Rev. Peter McQuinn, a Roman Catholic priest at nearby Epiphany Parish in Little Village, questions Landaverde’s methods. He said many of the church members might not fully understand they are part of a Protestant church.
“It’s kind of like pirating a Catholic tradition that’s been part of liturgical celebrations and part of our theology for millennia,” he said. “It does seem a little bit out of place with the United Methodist Church. They rejected that clearly.”
The atypical approach to Methodist worship comes at a time when churches of all denominations are vying to serve the growing Latino community in the United States. Though Latinos are a traditionally Roman Catholic population, more have been gravitating toward evangelical and mainline Protestant churches in recent years.
Landaverde said as long as churches are working toward the same mission–”to make disciples of Jesus Christ and work for social justice”–denomination should not make that much of a difference.
Rev. Oscar Carrasco, director of connectional ministries for the Northern Illinois Conference of the United Methodist Church, said exploring practices such as venerating the Virgin Mary can further the ecumenical dialogue between Roman Catholics and Methodists.
“What has been important is that this symbol of the Virgin of Guadalupe came with the people,” he said. “It’s so etched in their hearts because of the struggles the people have gone through. They have suffered many things–hunger, poverty, health, lack of jobs. Every time they try to seek the divine, this symbol has been present.

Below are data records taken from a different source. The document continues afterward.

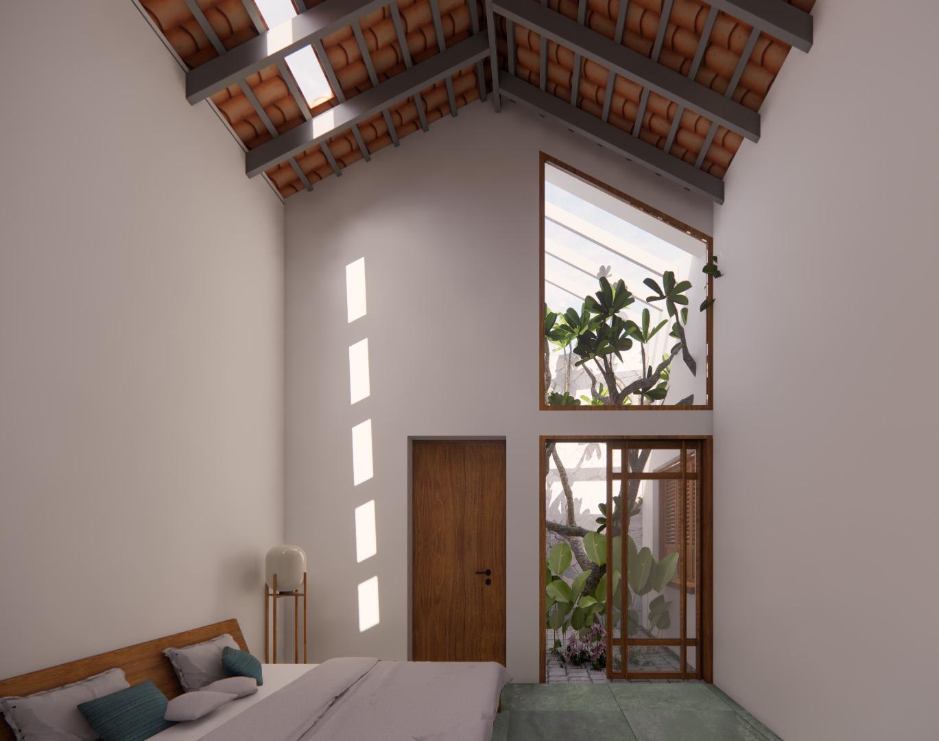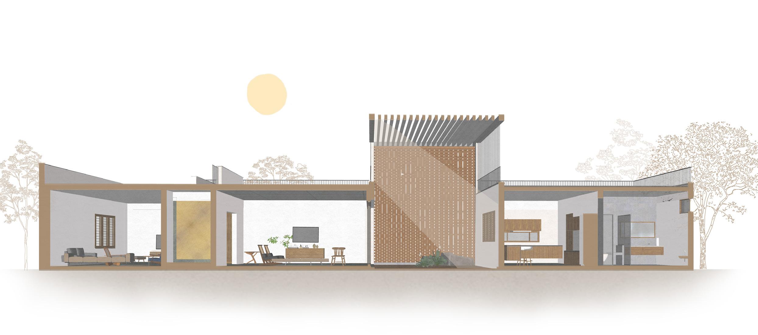 A contemporary house in terms of form and materiality with a rural essence of having not so defined spaces that have an open quality where the spaces extend and intertwine with each other that caters to a toddler and the young parents.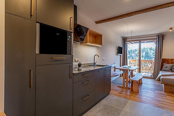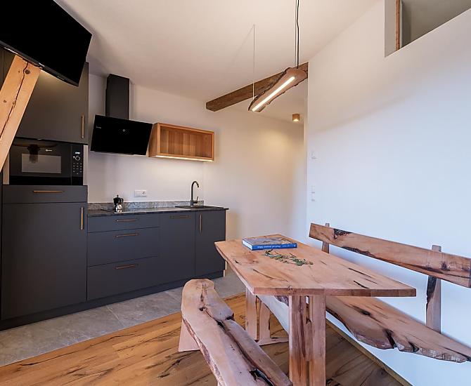 Przytulne, komfortowe i przesiąknięte światłem apartamenty w stylu od rustykalnego do nowoczesnego, zbudowane przez samego rolnika w jego „warsztacie”, wykonane głównie z drewna, znajdują się w wolnostojącym budynku gospodarczym na terenie
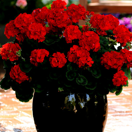 Пеларгония с листвой темного, насыщенно-шоколадного окраса и очень яркими соцветиями.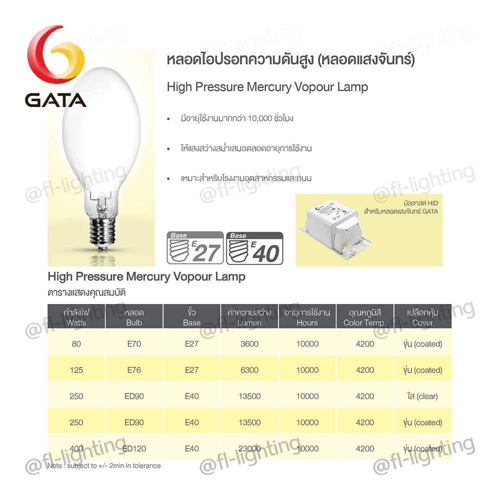 *สั่งซื้อปริมาณมากกรุณาติดต่อฝ่ายขาย LINE : @fl-lighting หลอดแสงจันทร์ ชนิดผ่านบัลลาสต์ ทรงโบว์ลิ่ง เคลือบสารฟลูออเรสเซนต์ ให้แสงที่นุ่มนวล อายุการใช้งานนาน เหมาะสำหรับ อาคารจอดรถ, ตลาดนัด, ตลาดสด, ลานกีฬา, โรงงาน คุณสมบัติ - หลอดแสงจันทร์ ชนิดผ่านบัลลาสต์ 80วัตต์ ขั้วE27 - อายุการใช้งานนาน รูปทรงโบว์ลิ่งสีขาว จึงให้แสงที่นุ่มนวล - ความสว่าง 3600 ลูเมน - เหมาะสำหรับ อาคารจอดรถ, ตลาดนัด, ตลาดสด, ลานกีฬา, โรงงาน #Gata #หลอดแสงจันทร์ #หลอดไฟ #หลอดไฟโคมไฟถนน #หลอดไฟแสงจันทร์ #ไฟถนน #หลอดแสงจันทร์ชนิดผ่านบัลลาสต์ #หลอดทรงโบว์ลิ่ง #หลอดไฟMercury #Mercury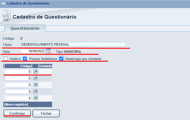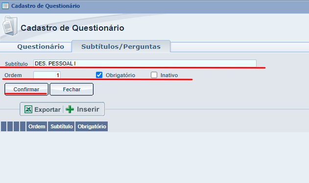 Após responder todas as perguntas podemos clicar em Confirmar para que as informações inseridas fiquem gravadas no sistema, após realizarmos essa ação a será criado um novo campo que irá conter o subtítulo do questinário e as perguntas respondidas :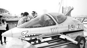 | 这艘鲨鱼艇既能潜到水下3米,又可跃出水面5米在空中滑翔。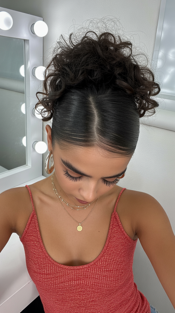 This playful curly high bun practically sparkles with personality. The described tendrils that gently cascade along the face emphasize the eyes and cheekbones as an addition of some flirtiness. It is an ideal summer style at a party, during a vacation or any other time when you feel you want your hair to symbolise your outgoing personality.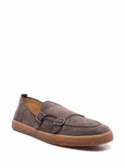 Quinoa brown leather/suede almond-toe suede loafers from HENDERSON BARACCO featuring leather lining, almond toe, slip-on style, branded insole, logo pull-tab at the heel and flat rubber sole.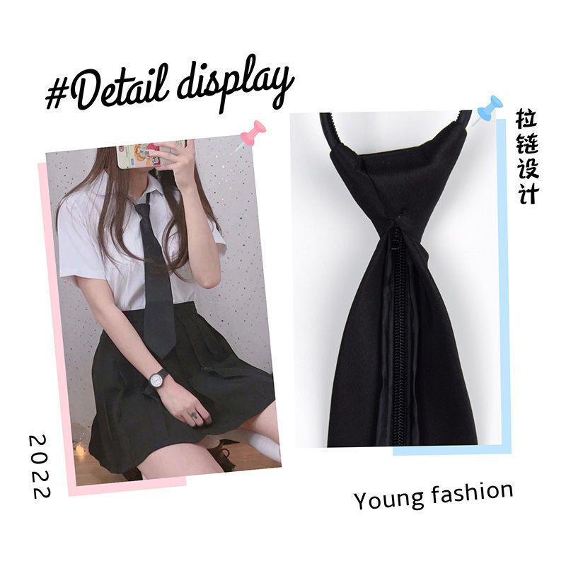 남녀 학생들을위한 검은 넥타이 대학 [1 개 구매 무료] 게으른 지퍼 바람 좁은 버전 셔츠 넥타이스토어 가기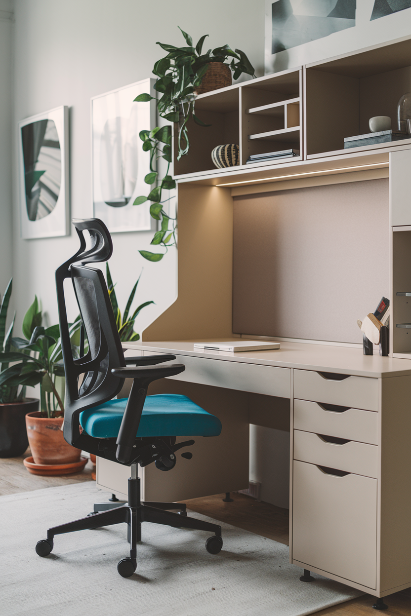 A comfortable chair is essential for maintaining good posture and avoiding back pain during long hours at your desk. Look for an ergonomic chair that provides proper lumbar support and adjustable features like height and armrests. Choose a style that complements the room’s aesthetic, whether it’s a sleek, modern chair or a plush, vintage-inspired seat. Adding a cushion or a lumbar pillow can also help improve comfort, making your office a more enjoyable place to work.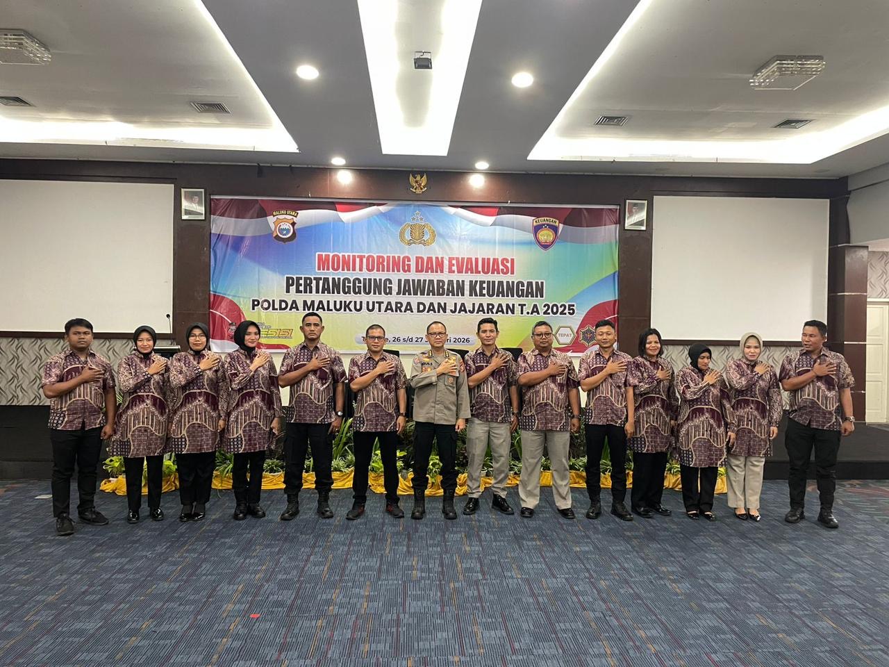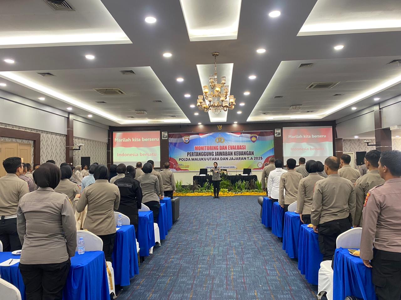 Polda Maluku Utara melaksanakan kegiatan Monitoring dan Evaluasi (Monev) Pertanggungjawaban Keuangan Polda Maluku Utara dan jajaran Tahun Anggaran (T.A.) 2025. Kegiatan ini bertujuan untuk memastikan pengelolaan keuangan negara berjalan secara tertib, akuntabel, transparan, dan sesuai dengan ketentuan yang berlaku.

“God through the Virgin said to the poor native population, `I am with you in your suffering and I am with you in your pain,’” Carrasco said. “That cultural value still has significance today.”
The Virgin of Guadalupe is said to have appeared in 1531 to an Indian named Juan Diego, asking him to build a chapel in her honor. When the Spanish bishop asked him for proof, the Virgin instructed Diego to fill his robe with roses–which were out of season–and pour out the flowers before the bishop. The bishop fell to his knees when he saw the Virgin’s image imprinted on Diego’s cloak, which today is enshrined in the Basilica of Our Lady of Guadalupe in Mexico City.
Although skeptics say the story was a Spanish ploy to persuade more indigenous people to convert to Christianity, Nancy Villafranca, director of education for the Mexican Fine Arts Center Museum in Pilsen, said the Virgin has evolved into a symbol of empowerment.
“She was really there for them, understanding their struggle during the tough decades when cultures so different were living in the same space,” Villafranca said. “Most Mexicanos really do believe in her.”
That is precisely why Landaverde welcomed the Virgin into his church. An activist for migrant workers and a former Roman Catholic seminarian, Landaverde joined a Humboldt Park Methodist church in 1998.
In 2000, he organized the Latino Union, an advocacy group for Chicago day laborers, and in 2003 he enrolled in Garrett-Evangelical to become a Methodist pastor. There, he continued his advocacy work. Except now in addition to fighting for day laborers in City Hall, he and other members went to the corners where laborers gathered for work to offer prayers.
Many of the Roman Catholic workers and families that he helped have joined Amor de Dios. By August, membership had grown from 15 to 80.
The parish council discerned that something was missing–the Virgin of Guadalupe.
“Since I was little, it’s always been right to have the Virgin Mary in the church,” said Olivia Serrato, 40, one of the original parishioners who decided to stay after the Virgin was introduced. “It’s now a great honor to bring the Virgin Mary to my Methodist church. Before I didn’t feel complete.”